When you reach the line in the listing below that contains "2023届应届生的调研显示,53.64%", begin returning lines exactly as written, and stop after the line that contains "Giubbino bomber nero". Return no other lines.

*** Provided records ***

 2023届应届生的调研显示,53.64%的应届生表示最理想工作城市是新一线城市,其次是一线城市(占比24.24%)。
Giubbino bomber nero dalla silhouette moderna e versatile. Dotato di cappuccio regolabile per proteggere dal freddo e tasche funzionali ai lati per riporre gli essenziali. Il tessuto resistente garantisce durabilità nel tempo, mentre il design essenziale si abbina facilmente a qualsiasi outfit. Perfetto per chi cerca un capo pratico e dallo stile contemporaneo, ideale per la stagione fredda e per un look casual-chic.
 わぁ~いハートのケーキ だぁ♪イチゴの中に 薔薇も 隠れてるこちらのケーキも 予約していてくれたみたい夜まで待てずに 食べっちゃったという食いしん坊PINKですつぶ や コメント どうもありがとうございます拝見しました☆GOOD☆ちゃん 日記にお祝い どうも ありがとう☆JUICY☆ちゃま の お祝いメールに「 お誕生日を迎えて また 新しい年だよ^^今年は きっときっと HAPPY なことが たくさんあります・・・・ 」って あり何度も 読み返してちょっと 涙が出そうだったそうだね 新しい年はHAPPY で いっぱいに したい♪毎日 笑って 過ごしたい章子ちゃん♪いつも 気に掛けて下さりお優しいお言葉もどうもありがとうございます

*** End of Provided records ***
*** Provided records ***

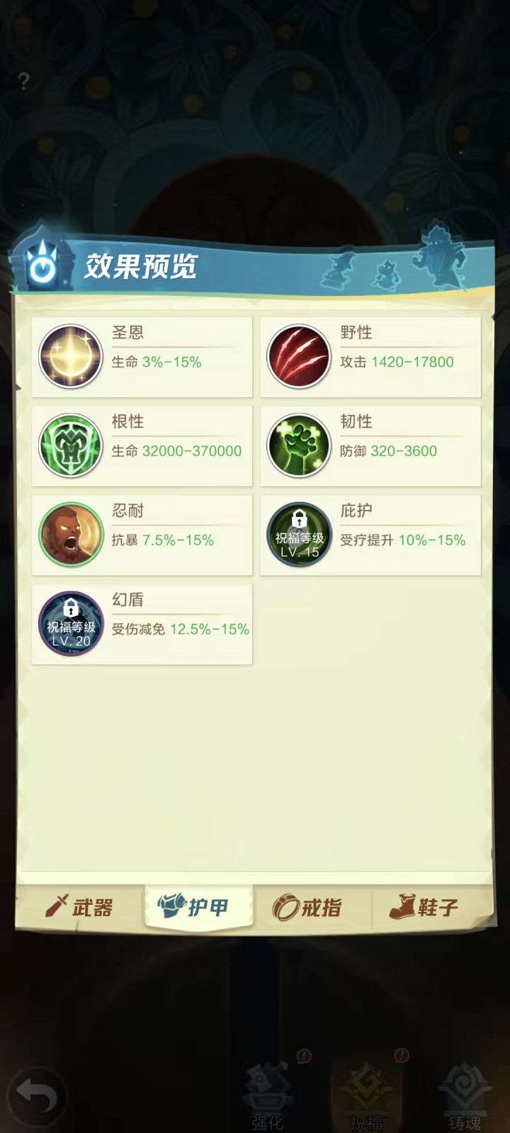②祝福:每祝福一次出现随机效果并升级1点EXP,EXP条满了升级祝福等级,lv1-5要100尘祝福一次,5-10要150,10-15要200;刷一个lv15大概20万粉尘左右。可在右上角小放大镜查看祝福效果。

*** End of Provided records ***
*** Provided records ***

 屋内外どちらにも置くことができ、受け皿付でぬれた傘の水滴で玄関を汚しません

*** End of Provided records ***

Exercise result:
 2023届应届生的调研显示,53.64%的应届生表示最理想工作城市是新一线城市,其次是一线城市(占比24.24%)。
Giubbino bomber nero dalla silhouette moderna e versatile. Dotato di cappuccio regolabile per proteggere dal freddo e tasche funzionali ai lati per riporre gli essenziali. Il tessuto resistente garantisce durabilità nel tempo, mentre il design essenziale si abbina facilmente a qualsiasi outfit. Perfetto per chi cerca un capo pratico e dallo stile contemporaneo, ideale per la stagione fredda e per un look casual-chic.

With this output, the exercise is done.